So, it's been awhile.
It's been a while since the fingers have gotten their
exercise dancing across the lettered keys here on this keyboard, but boy do
they dance with renewed fire, because they just couldn't handle their dormant
state any longer.
Not when they've been carrying the burden of this message since,
oh, you know, March.
It was after a talk with a counselor...
That wise counselor-friend asked me to put a face to the big
idol in my life,
the one that fuels my disorder in sneaky ways, using food
and exercise as a mask,
the one that makes me feel like I always have to be
perfect,
the one that promises nothing but condemnation, nothing but
death,
the one that I can boldly say, after talking to so many of
my sweet sisters in Christ, many, many of us bow down to daily, sometimes
without even knowing it.
And her name is Barbie.
photo cred http://herlifeinspiredblog.files.wordpress.com/2013/03/barbie.jpg |
That's right.
Like that blond, plastic, flawlessly dressed
all-encompassing image of what a woman should be-- perfect body, flawless hair,
most fashionable wardrobe, picture perfect marriage, changing the world with
successful teaching, medicine, and astronaut careers, and even as President and
Ambassador of World Peace, oh and not to mention, she has defended her country
in every service (United States Air Force pilot Barbie, and Paratrooper Barbie
are just a few examples), she was an Olympic gymnast and has a heart for the
children of the world (UNICEF Summit Diplomat Barbie).
And always with a pearly white smile.
Um.
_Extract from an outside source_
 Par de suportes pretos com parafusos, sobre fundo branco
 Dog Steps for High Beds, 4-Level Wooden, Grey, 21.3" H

Yikes?
You may laugh, thinking, no one really holds
themselves to these expectations.
But, I'm here writing today because I am done shifting in my
seat wondering if anyone else feels the same way I do, has also bowed down to
this idol of the perfect woman (and boy does it get scary twisted when it
becomes the idol of the perfect Christian woman)--
that I must have the most stunning body, wear the most
fashionable clothes, run marathons and read interesting books, be charming and
funny, admirable goals and top of 10% of my class, serving selflessly in about a dozen
ministries, writing an earth-shattering blog daily, holding a great internship and having countless great job offers, one day having the most
Christ-centered marriage and one day raising the most adorable little family
that looks hand-tailored for all of social media to gawk and gape at...
How often do we exhaust ourselves to appease this Barbie
mentality?
Yet, the Lord reminds me it is by my imperfections that He
receives glory, the real glory that just makes this exhausted attempt at my own
perfect and prideful glory look silly,
"My grace is sufficient for you, for power is
perfected in weakness." -2 Corinthians 12:9
and that grace, it doesn't come to the already perfect, it
doesn't require, well, really anything at all.
it's a gift
and my Savior, the one who bestows that very grace, He
unearths the plastic little lie embodied in this Barbie perfection.
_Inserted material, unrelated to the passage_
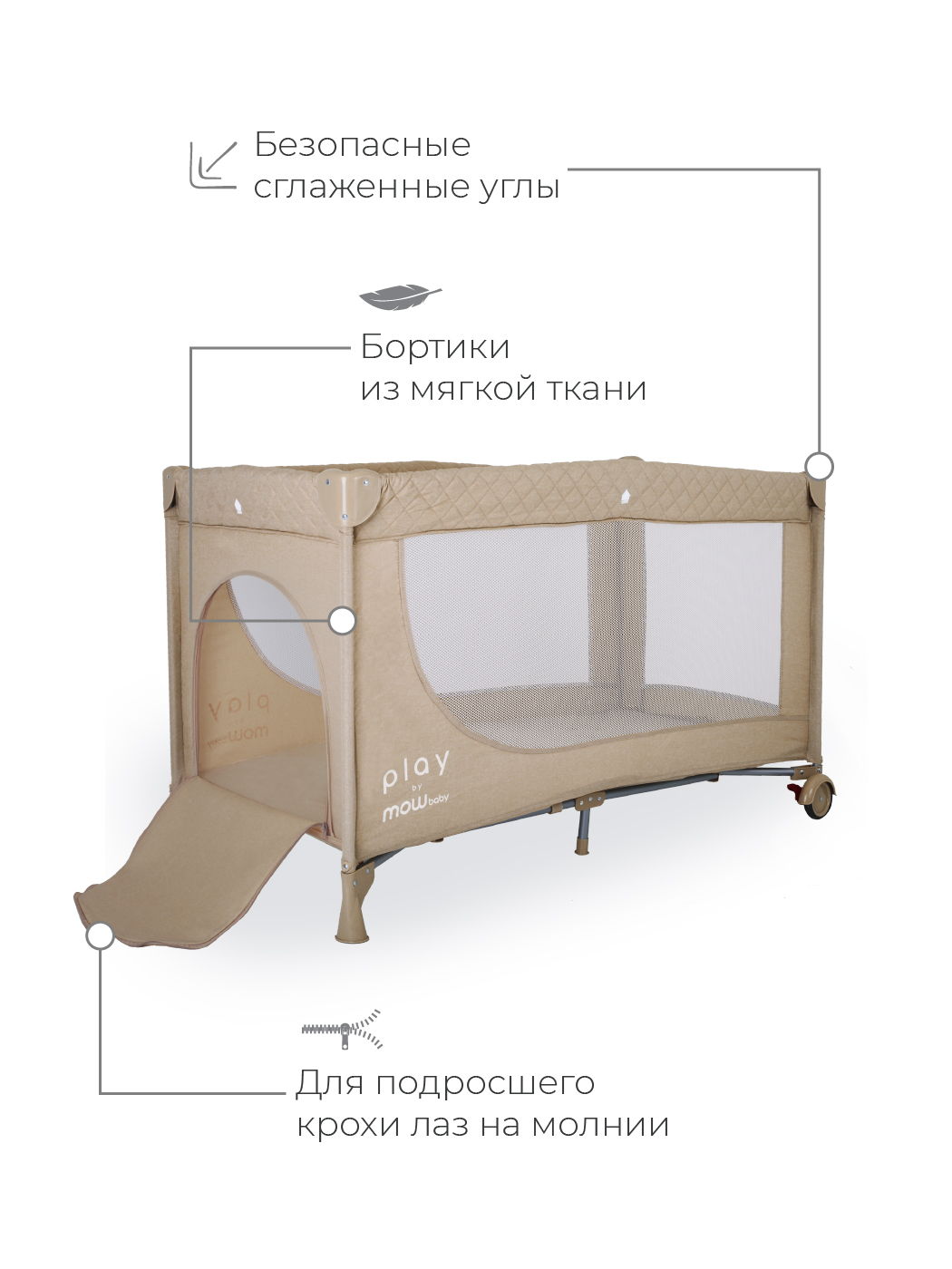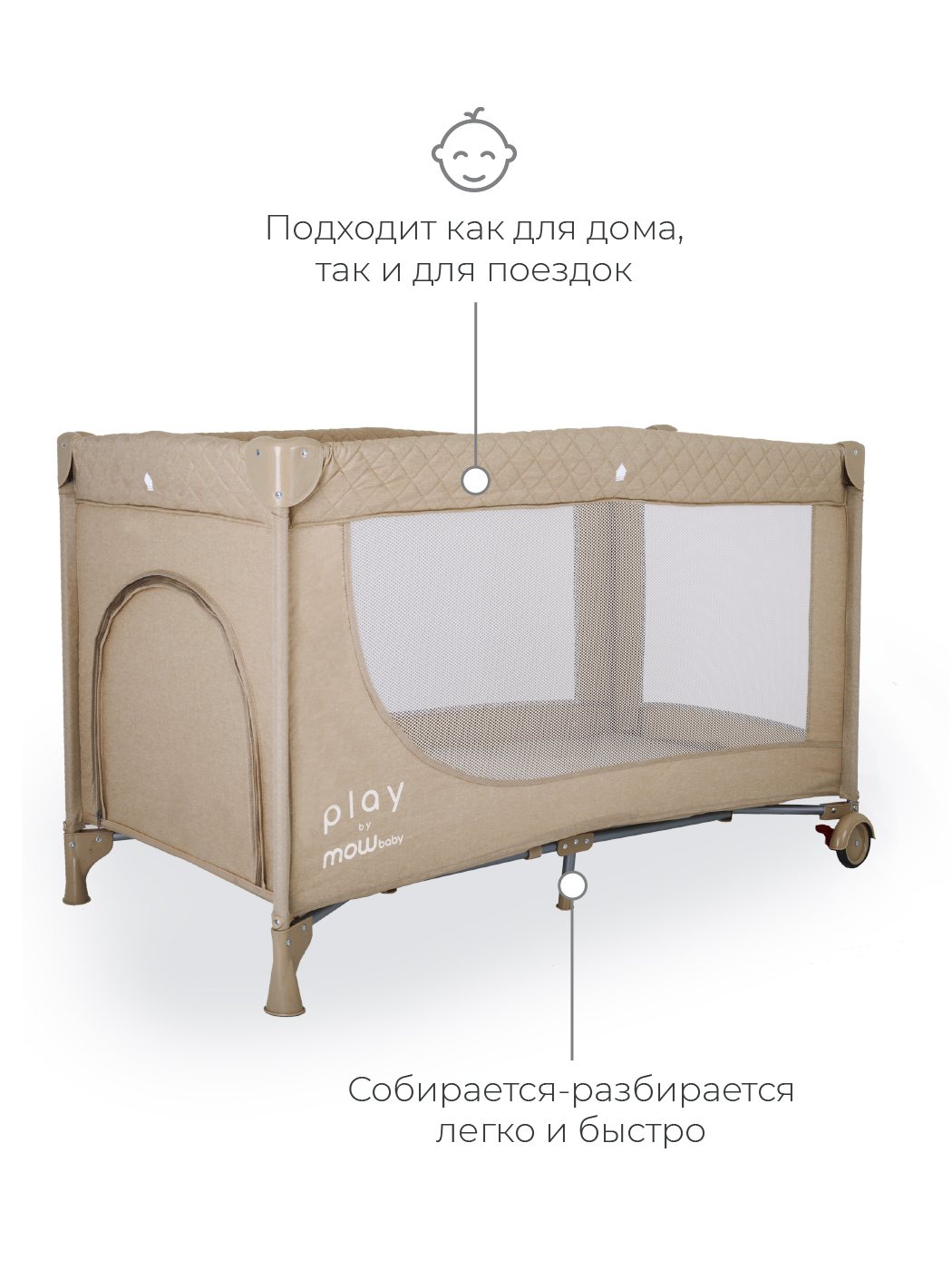 Манеж Mowbaby Play (Мувбеби плей) - это не просто место для игр, это место где ваш ребенок сможет находиться в безопасности пока вы занимаетесь делами или отдыхайте. Качественный, надежный и устойчивый манеж с большим игровым местом просто находка для любой мамы. Прочный алюминиевый каркас выдержит все игры ребенка. Ни каких острых углов и опасных элементов, все абсолютно безопасно дл крохи. Бортики манежа выполнены из сеточки специального плетения, обеспечивающие безопасность, хороший обзор и вентиляцию. Бортики выполнены из качественной, мягкой ткани и легко чиститься. Внутри манежа предусмотрен мягкий матрасик, который создаст дополнительный комфорт и тепло. Для того что ребенок сам смог залазить и вылазить из манежа предусмотрен лаз на молнии.

By it's very design it's destined for failure:
according to a 2013
Huffington Post article, if Barbie were a real woman,
that skinny little neck couldn't even support her head,
that cute little waist only has room for half a liver and a
few inches of small intestine,
her forever-long legs are 50% longer than her arms, with the
average woman's legs being 20% longer than her arms,
and those slender, delicate wrists could not lift anything.
Let's not be deceived,
let's not be condemned,
when there is no condemnation,
and there is no power in those lies,
only power behind the Truth who offers grace sufficient and
an existence of freedom from the oppression of perfection.
we're purposed, known, and radically loved!
Psst.That's where that whole picture-perfect thing really
lies-- in the only Perfect One.
Because really, who wants to try in vain to make perfect
from broken,
when we could bask in Perfect Himself and know the Truth.